Data to use Start Marker
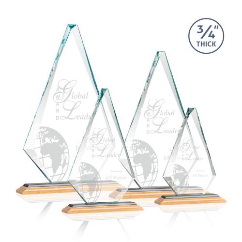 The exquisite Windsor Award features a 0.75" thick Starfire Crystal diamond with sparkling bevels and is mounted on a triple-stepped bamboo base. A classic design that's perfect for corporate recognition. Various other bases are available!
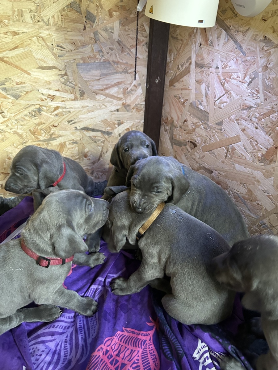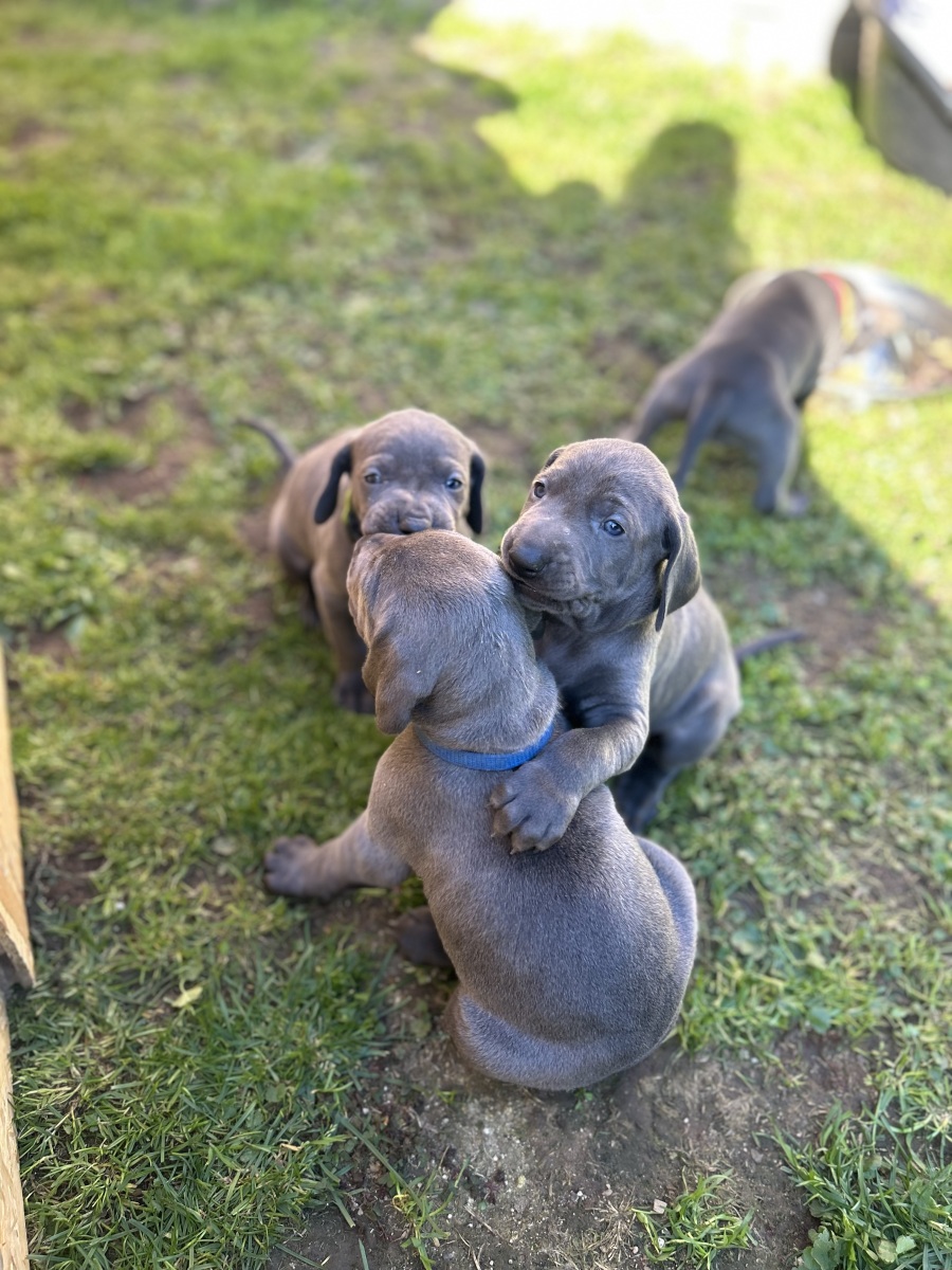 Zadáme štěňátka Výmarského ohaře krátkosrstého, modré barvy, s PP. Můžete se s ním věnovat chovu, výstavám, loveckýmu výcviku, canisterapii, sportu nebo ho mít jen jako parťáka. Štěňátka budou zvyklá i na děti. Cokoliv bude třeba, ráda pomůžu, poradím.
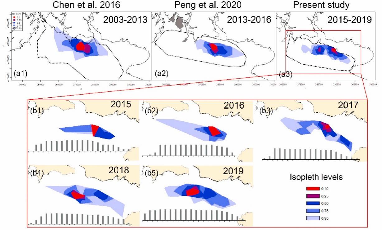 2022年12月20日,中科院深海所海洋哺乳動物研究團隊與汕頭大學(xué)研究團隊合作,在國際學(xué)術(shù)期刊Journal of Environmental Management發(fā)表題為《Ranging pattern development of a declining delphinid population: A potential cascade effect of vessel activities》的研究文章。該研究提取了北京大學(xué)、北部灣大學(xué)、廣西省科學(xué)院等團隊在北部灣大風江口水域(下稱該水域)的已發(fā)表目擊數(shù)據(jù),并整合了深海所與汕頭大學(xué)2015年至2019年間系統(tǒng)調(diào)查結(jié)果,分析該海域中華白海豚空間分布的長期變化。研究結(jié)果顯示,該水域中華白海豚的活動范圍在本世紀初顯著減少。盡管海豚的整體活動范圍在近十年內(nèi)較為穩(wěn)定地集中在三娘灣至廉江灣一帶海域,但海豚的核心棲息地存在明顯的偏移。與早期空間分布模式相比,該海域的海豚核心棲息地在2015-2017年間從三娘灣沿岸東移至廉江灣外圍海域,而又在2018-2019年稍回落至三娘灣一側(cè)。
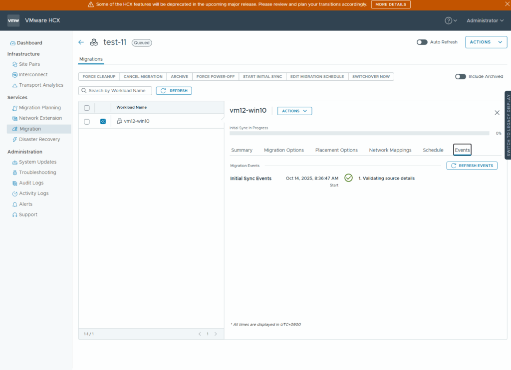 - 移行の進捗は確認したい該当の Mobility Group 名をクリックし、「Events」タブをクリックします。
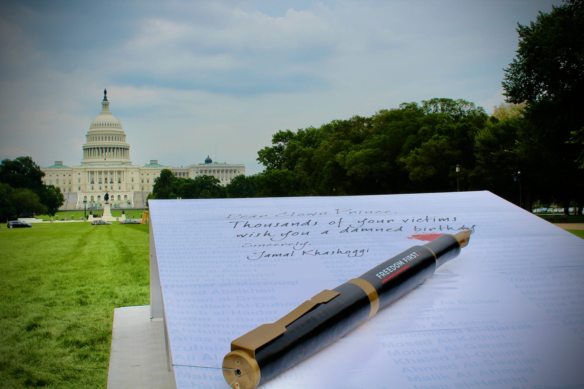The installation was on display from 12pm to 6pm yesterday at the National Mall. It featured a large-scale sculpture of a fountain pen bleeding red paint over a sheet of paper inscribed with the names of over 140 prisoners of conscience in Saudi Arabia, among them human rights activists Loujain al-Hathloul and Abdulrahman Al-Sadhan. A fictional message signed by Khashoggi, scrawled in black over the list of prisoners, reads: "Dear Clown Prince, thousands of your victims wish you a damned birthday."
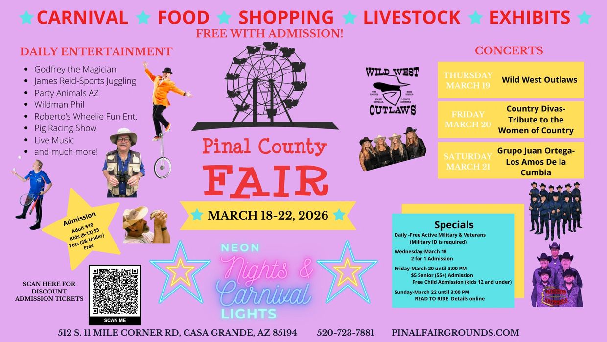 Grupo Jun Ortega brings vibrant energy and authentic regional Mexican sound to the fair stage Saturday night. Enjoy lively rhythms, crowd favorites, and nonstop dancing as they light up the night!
Data to use End Marker
## What the task asks
Only the lines from the start of the records above through the line containing "The installation was" should be returned, exactly and with both ends, please; the pictures stay out.

## Solution for this exercise
 The exquisite Windsor Award features a 0.75" thick Starfire Crystal diamond with sparkling bevels and is mounted on a triple-stepped bamboo base. A classic design that's perfect for corporate recognition. Various other bases are available!
 Zadáme štěňátka Výmarského ohaře krátkosrstého, modré barvy, s PP. Můžete se s ním věnovat chovu, výstavám, loveckýmu výcviku, canisterapii, sportu nebo ho mít jen jako parťáka. Štěňátka budou zvyklá i na děti. Cokoliv bude třeba, ráda pomůžu, poradím.
 2022年12月20日,中科院深海所海洋哺乳動物研究團隊與汕頭大學(xué)研究團隊合作,在國際學(xué)術(shù)期刊Journal of Environmental Management發(fā)表題為《Ranging pattern development of a declining delphinid population: A potential cascade effect of vessel activities》的研究文章。該研究提取了北京大學(xué)、北部灣大學(xué)、廣西省科學(xué)院等團隊在北部灣大風江口水域(下稱該水域)的已發(fā)表目擊數(shù)據(jù),并整合了深海所與汕頭大學(xué)2015年至2019年間系統(tǒng)調(diào)查結(jié)果,分析該海域中華白海豚空間分布的長期變化。研究結(jié)果顯示,該水域中華白海豚的活動范圍在本世紀初顯著減少。盡管海豚的整體活動范圍在近十年內(nèi)較為穩(wěn)定地集中在三娘灣至廉江灣一帶海域,但海豚的核心棲息地存在明顯的偏移。與早期空間分布模式相比,該海域的海豚核心棲息地在2015-2017年間從三娘灣沿岸東移至廉江灣外圍海域,而又在2018-2019年稍回落至三娘灣一側(cè)。
 - 移行の進捗は確認したい該当の Mobility Group 名をクリックし、「Events」タブをクリックします。
The installation was on display from 12pm to 6pm yesterday at the National Mall. It featured a large-scale sculpture of a fountain pen bleeding red paint over a sheet of paper inscribed with the names of over 140 prisoners of conscience in Saudi Arabia, among them human rights activists Loujain al-Hathloul and Abdulrahman Al-Sadhan. A fictional message signed by Khashoggi, scrawled in black over the list of prisoners, reads: "Dear Clown Prince, thousands of your victims wish you a damned birthday."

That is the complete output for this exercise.